Problem to solve -> Verbatim repeat, images excluded. Give each entry again as written.

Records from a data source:
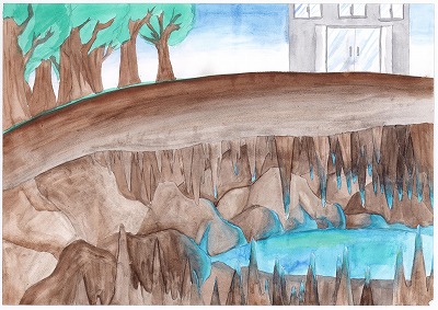 地盤をぼうしにたとえて、それをしっかり手と 私たちが住んでいる土地の下にもこんな風に鍾乳洞が広がって
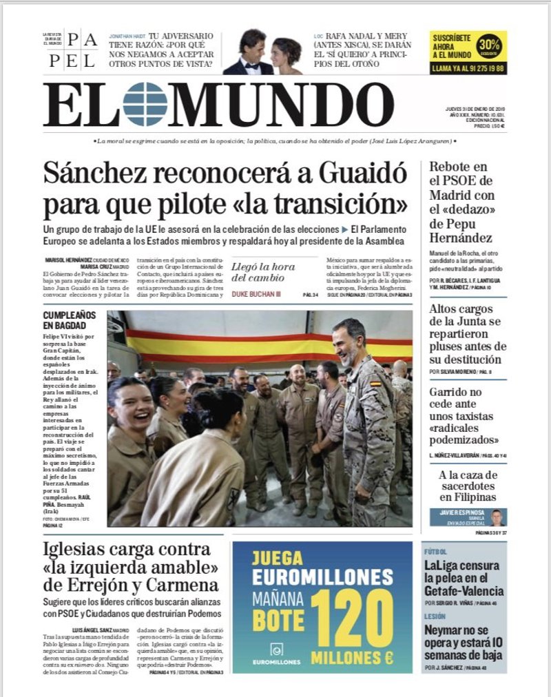 EL MUNDO: "Sánchez reconocerá a Guaidó para que pilote 'la transición'"; "Rebote en el PSOE de Madrid con el 'dedazo' de Pepu Hernández"; "Altos cargos de la Junta se repartieron pluses antes de su destitución"; "Iglesias carga contra 'la izquierda amable' de Errejón y Carmena".
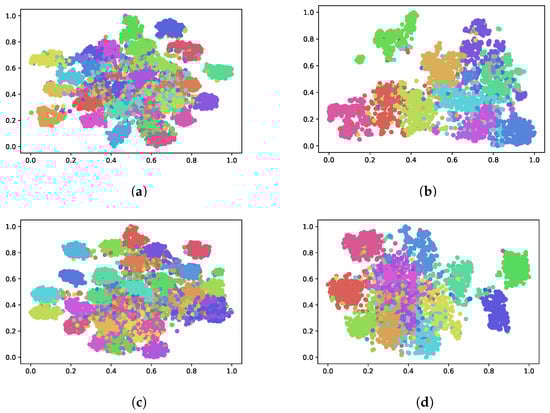 The t-distributed stochastic neighbor embedding (t-SNE) visualization; (a,b) indicate the training features and the test features of the NWPU-RESISC45 dataset, respectively; (c,d) represent the training features and test features of the RSD46-WHU dataset, respectively.
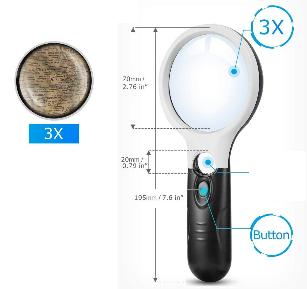 3X lēca ir piemērota lasīšanai, kartografēšanai, rokdarbiem, hobiju izsekošanai, izpētei.
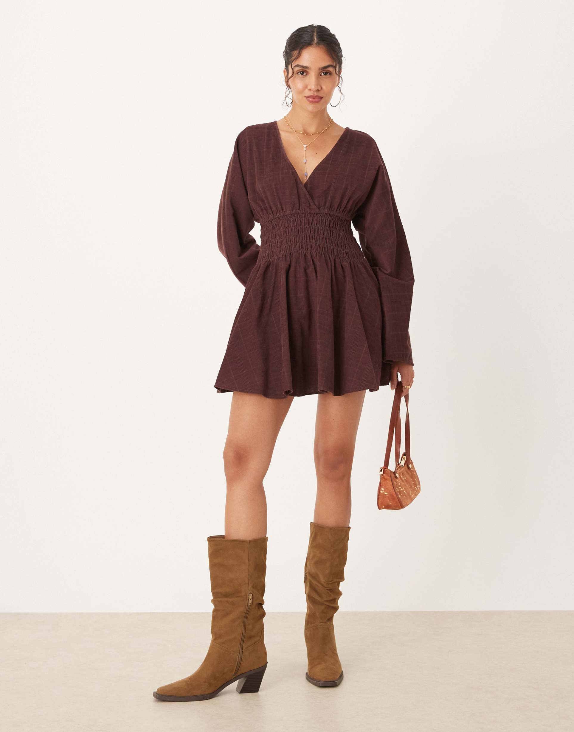 ASOS DESIGN CORDUROY V NECK MINI DRESS WITH SHIRRED WAIST IN MULBERRY
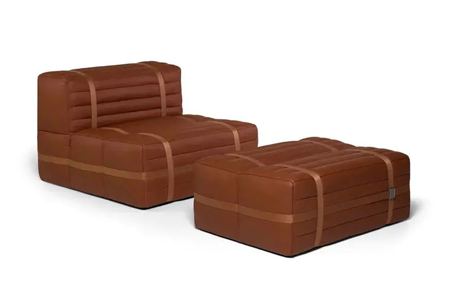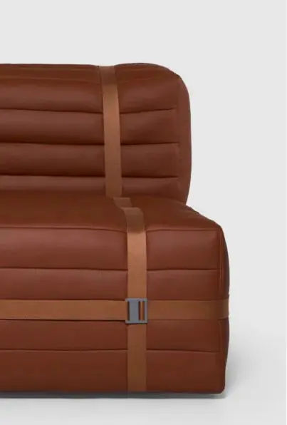 I cuscini imbottiti e generosi creano una seduta accogliente e ben supportata. Allo stesso tempo, le cinghie resistenti che li tengono uniti definiscono un dettaglio distintivo e funzionale. Ogni elemento รจ studiato per garantire equilibrio tra forma e praticitร .
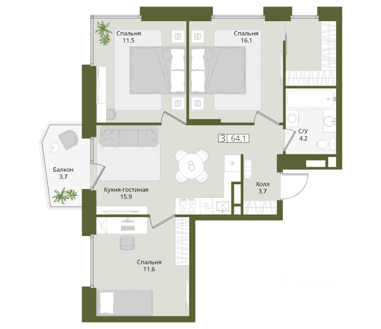 Продается просторная 3-комнатная квартира на 4 этаже с готовой отделкой от застройщика. В квартире 3 спальни ,1 санузел, балкон, вид на дорогу/парковку/парк. Угловая планировка. Общая площадь 64,1 кв.м.
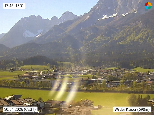 A 6380 St. Johann in Tirol 660m ist eine Marktgemeinde im Bezirk Kitzbühel zwischen dem Kaisergebirge und dem Kitzbüheler Horn im Zentrum des Bezirkes Kitzbühel. Blick Richtung Norden zum Wilden Kaiser 2.344m. Präsentiert von http://www.panoramablick.info.

Solution to this problem ->
 地盤をぼうしにたとえて、それをしっかり手と 私たちが住んでいる土地の下にもこんな風に鍾乳洞が広がって
 EL MUNDO: "Sánchez reconocerá a Guaidó para que pilote 'la transición'"; "Rebote en el PSOE de Madrid con el 'dedazo' de Pepu Hernández"; "Altos cargos de la Junta se repartieron pluses antes de su destitución"; "Iglesias carga contra 'la izquierda amable' de Errejón y Carmena".
 The t-distributed stochastic neighbor embedding (t-SNE) visualization; (a,b) indicate the training features and the test features of the NWPU-RESISC45 dataset, respectively; (c,d) represent the training features and test features of the RSD46-WHU dataset, respectively.
 3X lēca ir piemērota lasīšanai, kartografēšanai, rokdarbiem, hobiju izsekošanai, izpētei.
 ASOS DESIGN CORDUROY V NECK MINI DRESS WITH SHIRRED WAIST IN MULBERRY
 I cuscini imbottiti e generosi creano una seduta accogliente e ben supportata. Allo stesso tempo, le cinghie resistenti che li tengono uniti definiscono un dettaglio distintivo e funzionale. Ogni elemento รจ studiato per garantire equilibrio tra forma e praticitร .
 Продается просторная 3-комнатная квартира на 4 этаже с готовой отделкой от застройщика. В квартире 3 спальни ,1 санузел, балкон, вид на дорогу/парковку/парк. Угловая планировка. Общая площадь 64,1 кв.м.
 A 6380 St. Johann in Tirol 660m ist eine Marktgemeinde im Bezirk Kitzbühel zwischen dem Kaisergebirge und dem Kitzbüheler Horn im Zentrum des Bezirkes Kitzbühel. Blick Richtung Norden zum Wilden Kaiser 2.344m. Präsentiert von http://www.panoramablick.info.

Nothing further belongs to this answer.